Attack Surface and Defense-in-Depth Metrics - October 2016

Public Audience
Purpose: To highlight project progress. Information is generally at a higher level which is accessible to the interested public. All information contained in the report (regions 1-3) is a Government Deliverable/CDRL.

PI(s):  Andy Meneely, Laurie Williams, Munindar P. Singh
Researchers: Nuthan Munaiah, Jason King, Chris Theisen, Ozgur Kafali

HARD PROBLEM(S) ADDRESSED

• Security Metrics and Models - The project is to develop and analyze metrics that quantify the "shape" of a system's attack surface
• Scalability & Composability - The project delves uses call graph data beyond the attack surface to determine the risk of a given entry point
• Resilient Architectures - The project can be used to analyze large systems in terms of their inputs and outputs, providing information on the architecture of the system

PUBLICATIONS

• Munaiah, Nuthan, Andrew Meneely.  2016.  Beyond the Attack Surface: Assessing Security Risk with Random Walks on Call Graphs. Proceedings of the 2nd International Workshop on Software Protection.

ACCOMPLISHMENT HIGHLIGHTS

• Our publication at the CCS 2016 workshop has demonstrated the potential of predicting vulnerabilities at the method level by using random walks on call graphs. Our prediction models are significant improvements over the baseline model of just using source-lines-of-code, indicating that our metrics provide significant improvement over the current vulnerability prediction knowledge. In comparing our work to related literature, we outperform all literature that our work is comparable to.
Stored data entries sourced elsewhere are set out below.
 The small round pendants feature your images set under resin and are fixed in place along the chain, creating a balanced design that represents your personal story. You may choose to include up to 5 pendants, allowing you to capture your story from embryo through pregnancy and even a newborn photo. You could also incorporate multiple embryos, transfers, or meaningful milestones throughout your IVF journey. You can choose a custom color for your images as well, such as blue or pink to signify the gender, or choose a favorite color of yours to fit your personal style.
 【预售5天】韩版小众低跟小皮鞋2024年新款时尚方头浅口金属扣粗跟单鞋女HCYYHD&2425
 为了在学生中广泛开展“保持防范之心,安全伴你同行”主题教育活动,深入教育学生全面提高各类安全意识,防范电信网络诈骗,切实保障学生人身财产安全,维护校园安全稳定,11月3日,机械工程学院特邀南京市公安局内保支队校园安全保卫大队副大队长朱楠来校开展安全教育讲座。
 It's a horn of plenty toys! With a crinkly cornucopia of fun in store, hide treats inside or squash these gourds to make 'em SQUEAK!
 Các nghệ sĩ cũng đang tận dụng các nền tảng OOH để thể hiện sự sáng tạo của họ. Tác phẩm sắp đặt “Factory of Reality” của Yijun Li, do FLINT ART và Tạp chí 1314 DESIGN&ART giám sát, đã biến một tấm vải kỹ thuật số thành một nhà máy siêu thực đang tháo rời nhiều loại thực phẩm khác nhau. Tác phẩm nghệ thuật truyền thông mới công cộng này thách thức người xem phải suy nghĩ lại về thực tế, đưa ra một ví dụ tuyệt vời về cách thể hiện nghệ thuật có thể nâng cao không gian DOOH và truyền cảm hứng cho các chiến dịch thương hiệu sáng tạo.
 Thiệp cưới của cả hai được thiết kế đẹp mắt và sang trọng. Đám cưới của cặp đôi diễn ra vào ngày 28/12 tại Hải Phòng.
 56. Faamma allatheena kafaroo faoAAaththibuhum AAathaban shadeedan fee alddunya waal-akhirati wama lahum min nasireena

Our approach is lightweight, yet tunable to any software devlopment project. Our prediction model outperformed comparable models from prior literature with notable improvements: 58% reduction in false negative rate, 81% reduction in false positive rate, and 548% increase in F 2 -measure for predicting vulnerabilities at the file level.
• We developed a systematic and reusable framework called Semaver to understand how well security policies account for actual breaches. We differentiated between two types of breaches: technical vulnerabilities that adversaries exploit and human errors (intentional or unintentional) that lead to misuse. Our investigation of the 1,577 healthcare breaches reported by the HHS showed that 44% of the breaches are misuses. Moreover, we identified that the HIPAA policy does not account for misuses as well as vulnerabilities.